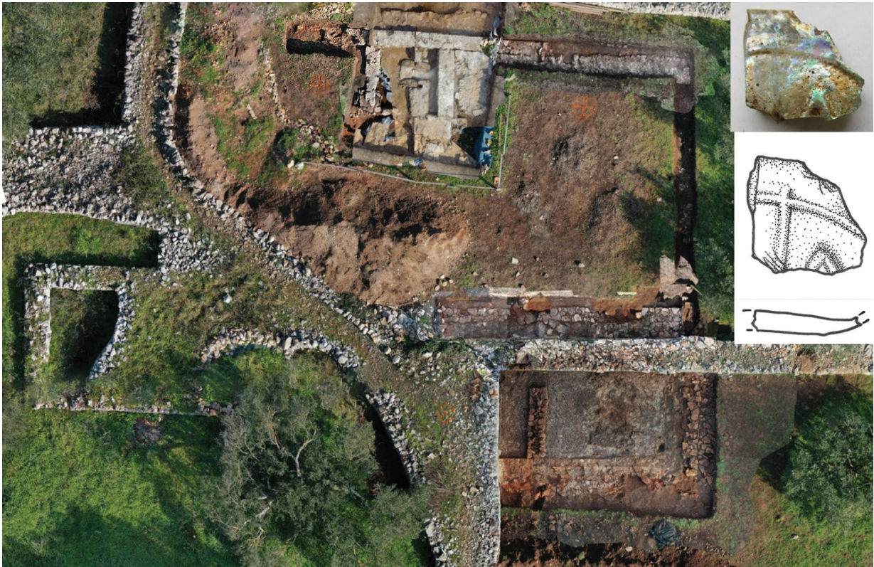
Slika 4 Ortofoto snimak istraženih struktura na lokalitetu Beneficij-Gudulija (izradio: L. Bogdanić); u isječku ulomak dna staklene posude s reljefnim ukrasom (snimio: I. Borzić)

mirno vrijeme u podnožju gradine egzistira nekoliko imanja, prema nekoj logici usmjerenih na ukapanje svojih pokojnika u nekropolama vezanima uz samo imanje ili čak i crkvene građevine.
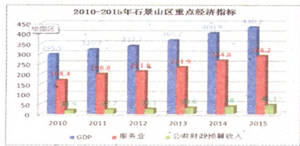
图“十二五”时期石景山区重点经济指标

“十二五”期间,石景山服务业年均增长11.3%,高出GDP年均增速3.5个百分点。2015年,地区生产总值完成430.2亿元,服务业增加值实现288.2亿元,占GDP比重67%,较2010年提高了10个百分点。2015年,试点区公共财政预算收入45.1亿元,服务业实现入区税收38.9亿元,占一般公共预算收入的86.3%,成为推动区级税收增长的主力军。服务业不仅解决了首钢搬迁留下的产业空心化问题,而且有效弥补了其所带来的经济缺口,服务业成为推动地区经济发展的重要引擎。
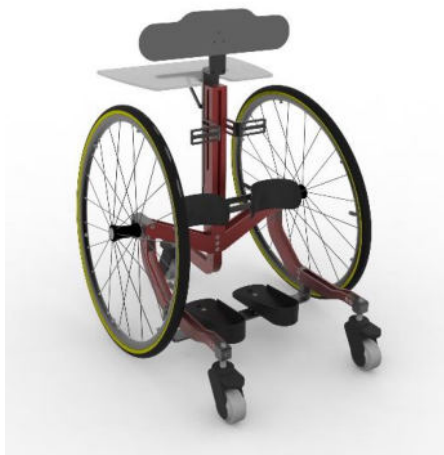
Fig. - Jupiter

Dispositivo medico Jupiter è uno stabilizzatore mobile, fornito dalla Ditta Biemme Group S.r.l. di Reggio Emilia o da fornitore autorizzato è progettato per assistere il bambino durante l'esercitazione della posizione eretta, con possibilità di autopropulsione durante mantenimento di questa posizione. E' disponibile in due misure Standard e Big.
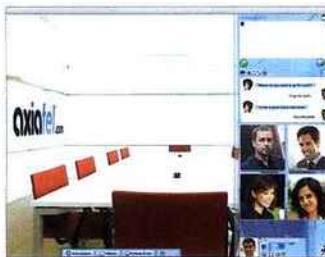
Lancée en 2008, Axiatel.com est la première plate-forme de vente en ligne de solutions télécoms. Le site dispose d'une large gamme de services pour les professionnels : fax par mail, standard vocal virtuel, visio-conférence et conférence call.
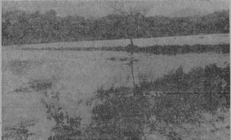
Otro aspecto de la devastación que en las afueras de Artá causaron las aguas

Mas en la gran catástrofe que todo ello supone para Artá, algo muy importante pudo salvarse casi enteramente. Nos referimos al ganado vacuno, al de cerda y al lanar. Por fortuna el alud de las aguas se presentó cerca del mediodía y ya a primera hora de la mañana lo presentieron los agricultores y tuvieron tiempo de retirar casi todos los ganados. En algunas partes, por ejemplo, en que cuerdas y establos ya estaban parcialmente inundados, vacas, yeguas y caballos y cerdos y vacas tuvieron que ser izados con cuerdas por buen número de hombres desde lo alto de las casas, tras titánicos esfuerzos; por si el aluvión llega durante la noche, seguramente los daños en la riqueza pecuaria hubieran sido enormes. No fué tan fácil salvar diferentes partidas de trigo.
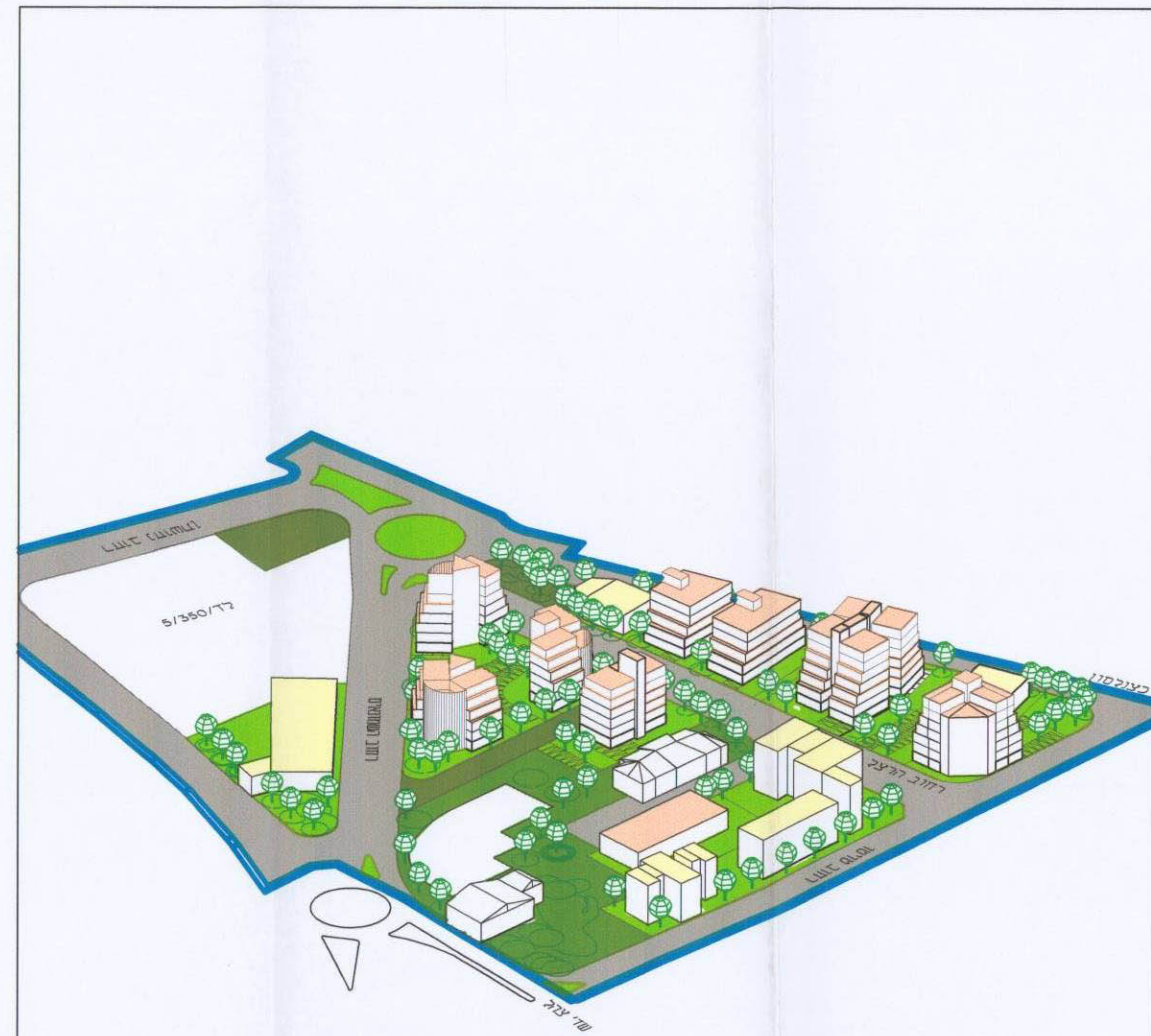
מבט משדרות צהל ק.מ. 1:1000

━━━

* **Exercise aim**: Everything in the data except the pictures must appear in your answer unchanged.

* **Completed task**:
Slika 4 Ortofoto snimak istraženih struktura na lokalitetu Beneficij-Gudulija (izradio: L. Bogdanić); u isječku ulomak dna staklene posude s reljefnim ukrasom (snimio: I. Borzić)

mirno vrijeme u podnožju gradine egzistira nekoliko imanja, prema nekoj logici usmjerenih na ukapanje svojih pokojnika u nekropolama vezanima uz samo imanje ili čak i crkvene građevine.
图“十二五”时期石景山区重点经济指标

“十二五”期间,石景山服务业年均增长11.3%,高出GDP年均增速3.5个百分点。2015年,地区生产总值完成430.2亿元,服务业增加值实现288.2亿元,占GDP比重67%,较2010年提高了10个百分点。2015年,试点区公共财政预算收入45.1亿元,服务业实现入区税收38.9亿元,占一般公共预算收入的86.3%,成为推动区级税收增长的主力军。服务业不仅解决了首钢搬迁留下的产业空心化问题,而且有效弥补了其所带来的经济缺口,服务业成为推动地区经济发展的重要引擎。
Fig. - Jupiter

Dispositivo medico Jupiter è uno stabilizzatore mobile, fornito dalla Ditta Biemme Group S.r.l. di Reggio Emilia o da fornitore autorizzato è progettato per assistere il bambino durante l'esercitazione della posizione eretta, con possibilità di autopropulsione durante mantenimento di questa posizione. E' disponibile in due misure Standard e Big.
Lancée en 2008, Axiatel.com est la première plate-forme de vente en ligne de solutions télécoms. Le site dispose d'une large gamme de services pour les professionnels : fax par mail, standard vocal virtuel, visio-conférence et conférence call.
Otro aspecto de la devastación que en las afueras de Artá causaron las aguas

Mas en la gran catástrofe que todo ello supone para Artá, algo muy importante pudo salvarse casi enteramente. Nos referimos al ganado vacuno, al de cerda y al lanar. Por fortuna el alud de las aguas se presentó cerca del mediodía y ya a primera hora de la mañana lo presentieron los agricultores y tuvieron tiempo de retirar casi todos los ganados. En algunas partes, por ejemplo, en que cuerdas y establos ya estaban parcialmente inundados, vacas, yeguas y caballos y cerdos y vacas tuvieron que ser izados con cuerdas por buen número de hombres desde lo alto de las casas, tras titánicos esfuerzos; por si el aluvión llega durante la noche, seguramente los daños en la riqueza pecuaria hubieran sido enormes. No fué tan fácil salvar diferentes partidas de trigo.
מבט משדרות צהל ק.מ. 1:1000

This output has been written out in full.